Very interesting article on the evolution of attacks on devices running Cisco IOS. In short, these are the things they found in the wild:

  • two incidents that modified the IOS image in flash to weaken the Diffie-Helman algorithm - targeted attack (digital signature checking would detect it)
  • two incidents where modifications were done to the running code (in memory) to allow for certain packets to be exfiltrated to an attacker IP - or to add NAT so a hidden host would become accessible to the attacker (admin credentials required)
  • another that modified the ROMMON for persistence then at boot injected changes in the running code (admin credentials required) - exfiltration via ICMP payload to attacker or NAT
  • last one is called SYNful Knock - details here

What's good:

We have reviewed all Cisco IOS command line interface (CLI) commands, and have removed commands that provide limited value to customers during normal device operation, but could be misused by attackers with access to the device CLI.

What's even better:

We are in the pilot phase of an image validation service that offers customers the ability to quickly and automatically analyze and detect modified Cisco IOS images running on their Cisco devices.

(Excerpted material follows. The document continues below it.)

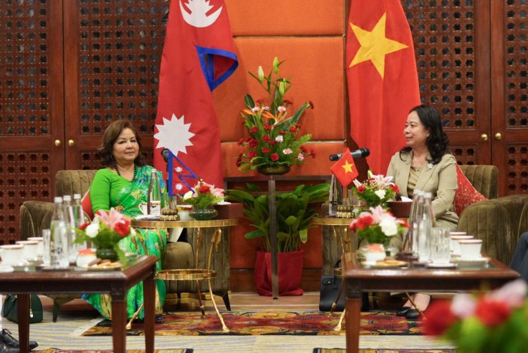 Kathmandu, Aug 23: Minister for Foreign Affairs Dr Arzu Rana Deuba paid a courtesy call on Vice President of the Socialist Republic of Vietnam Vo Thi Anh Xuan here today. The Vietnamese Vice President arrived in Kathmandu today for a three-day official visit to Nepal at the friendly invitation of
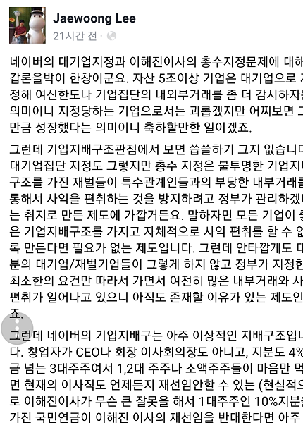 이재웅 창업자는 전날 오후 게재한 개인 페이스북 글에서 "네이버는 이해진 창업자(전 의장)가 마음대로 할 수 없는 이상적인 지배구조"라며 "정부는 이런 지배구조를 스스로 만든 기업을 대기업 지정이나 총수 지정을 하지 않음으로써 다른 기업이 지배구조 개선을 할 요인을 강화할 필요가 있다"고 주장했다.

Sending command output to the clipboard via a script

This is a simple script (get it here) that you can pipe output to which results in it being in the system clipboard. Quite handy when you don't want to reach for the mouse all the time.

echo 123 | clipboard

Linux systems have 2 clipboards for whatever silly reason, depending on which you want to use, you might have to remove -selection clipboard from the xclip command.

All code is bad

I know I shouldn't be happy that others have it just as bad, but it is a bit heartwarming to read that not only networking's full of special snowflakes - this article says it all (and it applies oh-so-well to so many areas of life).

Every programmer occasionally, when nobody's home, turns off the lights, pours a glass of scotch, puts on some light German electronica, and opens up a file on their computer. It's a different file for every programmer. Sometimes they wrote it, sometimes they found it and knew they had to save it. They read over the lines, and weep at their beauty, then the tears turn bitter as they remember the rest of the files and the inevitable collapse of all that is good and true in the world. This file is Good Code. It has sensible and consistent names for functions and variables. It's concise. It doesn't do anything obviously stupid. It has never had to live in the wild, or answer to a sales team. It does exactly one, mundane, specific thing, and it does it well. It was written by a single person, and never touched by another. It reads like poetry written by someone over thirty.

Until next week

Did you learn anything interesting this week? Let me know or share it with everybody else in the comments below!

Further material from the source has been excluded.